= Broad Arrow Policy =

1691 English policy reserving colonial trees

The broad arrow symbol stamped on trees

The Broad Arrow Policy was a policy implemented by the English Crown in 1691 to preserve tall trees in England's North American colonies which were of critical use for the Royal Navy. It applied to Massachusetts from 1691. It was extended to New Hampshire (1698); New England, New York, and New Jersey (1711); and Nova Scotia (1721). Colonial sentiment was largely opposed to the policy and it was one of the grievances that led to the American Revolution.

The Pine Tree Flag is a flag which was often used in the American Revolution and modern day libertarian activists as a symbol to oppose tyranny. It was inspired by the Pine Tree Riot.

The broad arrow symbol was used by colonial authorities to mark trees (especially the eastern white pine) intended for ship building use. Three axe strikes, resembling an arrowhead and shaft, were marked on large mast-grade trees. Use of the broad arrow mark commenced in earnest in 1691 with the Massachusetts Charter, which contained a Mast Preservation Clause specifying:

... for better providing and furnishing of Masts for our Royal Navy wee do hereby reserve to us ... ALL trees of the diameter of 24 inches and upward at 12 inches from the ground, growing upon any soils or tracts of land within our said Province or Territory not heretofore granted to any private person. We...forbid all persons whatsoever from felling, cutting or destroying any such trees without the royal license from us.

Initially England imported its mast trees from the Baltic states, but it was an expensive, lengthy and politically treacherous proposition. Much of British naval policy at the time revolved around keeping the trade route to the Baltics open. With Baltic timber becoming less appealing to use, the Admiralty's eye turned towards the Colonies. Colonists paid little attention to the Charter's Mast Preservation Clause, and tree harvesting increased with disregard for broad arrow protected trees.
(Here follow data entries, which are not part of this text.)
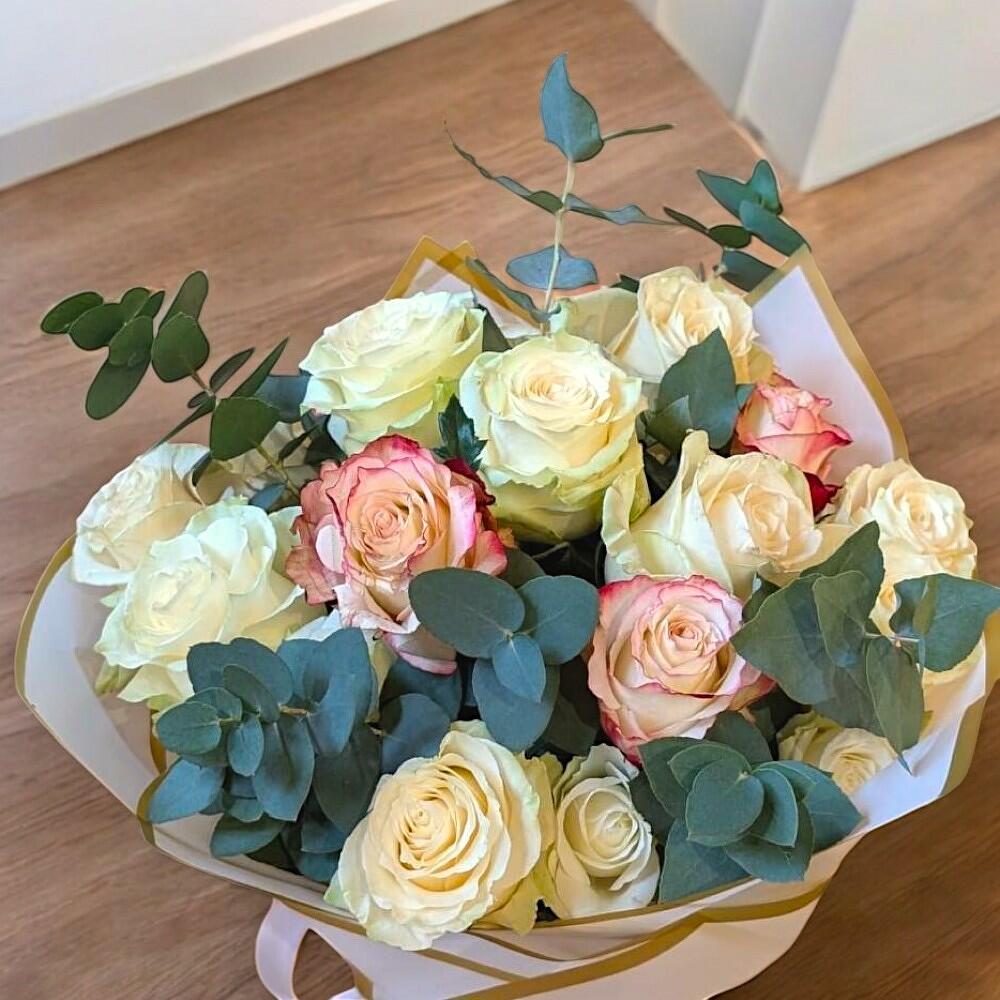 Букет белых роз с эвкалиптом
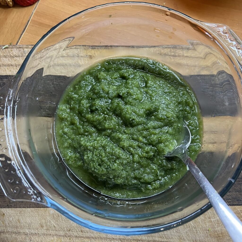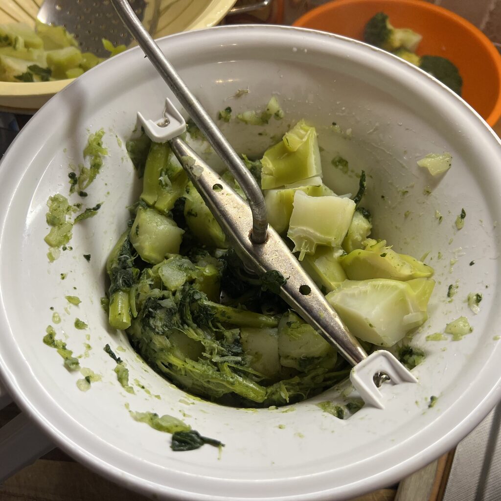 Faites bouillir les tiges et les feuilles des brocolis dans de l’eau bouillante salée pendant environ 30 minutes, jusqu’à ce qu’elles soient tendres, puis passez-les au moulin à légumes
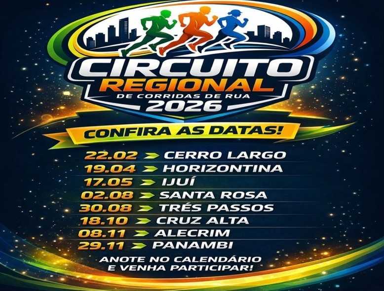 Cerro Largo sedia - em 22 de fevereiro - a etapa de abertura do 13º Circuito Regional de Corridas de Rua, competição que terá ao longo de 2026 a realização de oito provas: Cerro Largo (22/02), Horizontina (19/04), Ijuí (17/05), Santa Rosa (02/08), Três Passos (30/08), Cruz Alta (18/10), Alecrim (08/11) e Panambi (29/11).
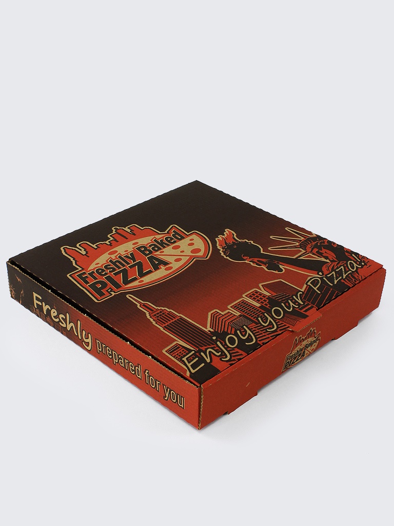 Printed pizza boxes with the traditional folding lid. Make more of an impact with your packaging by choosing a generic printed design.
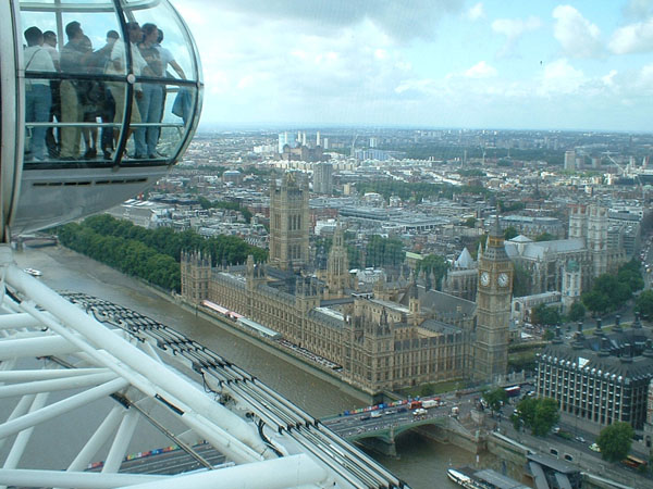 Looking towards St John's Smith Square, from the London Eye. Palace of Westminster in the foreground
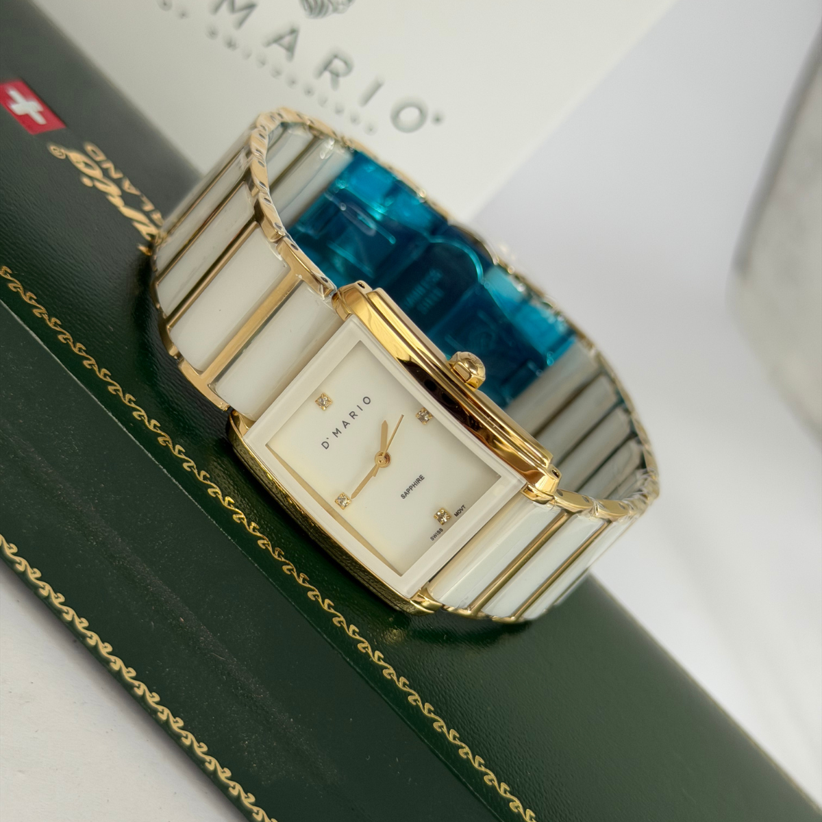 RELOJ D'MARIO CS5150L DAMA CERAMICA BLANCO DORADO

However, as Baltic imports decreased, the British timber trade increasingly depended on North American trees, and enforcement of broad arrow policies increased. Persons appointed to the position of Surveyor-General of His Majesty's Woods were responsible for selecting, marking and recording trees as well as policing and enforcing the unlicensed cutting of protected trees. This process was open to abuse, and the naval monopoly on the trees was very unpopular with colonists. Part of the reason was that many protected trees were on either town-owned or privately owned lands.

Colonists could only sell mast trees to colonial or Crown authorities for naval use, but were substantially underpaid for the lumber. Even though it was illegal for colonists to trade with enemies of the Crown, both the French and the Spanish were in the market for mast trees as well and would pay a much better price. Acts of Parliament in 1711, 1722 and the 1772 Timber for the Navy Act extended protection finally to 12 in trees and resulted in the Pine Tree Riot that same year. This was one of the first acts of rebellion by colonists in the run-up to the American Revolutionary War in 1775, and a flag bearing a white pine was flown at the Battle of Bunker Hill.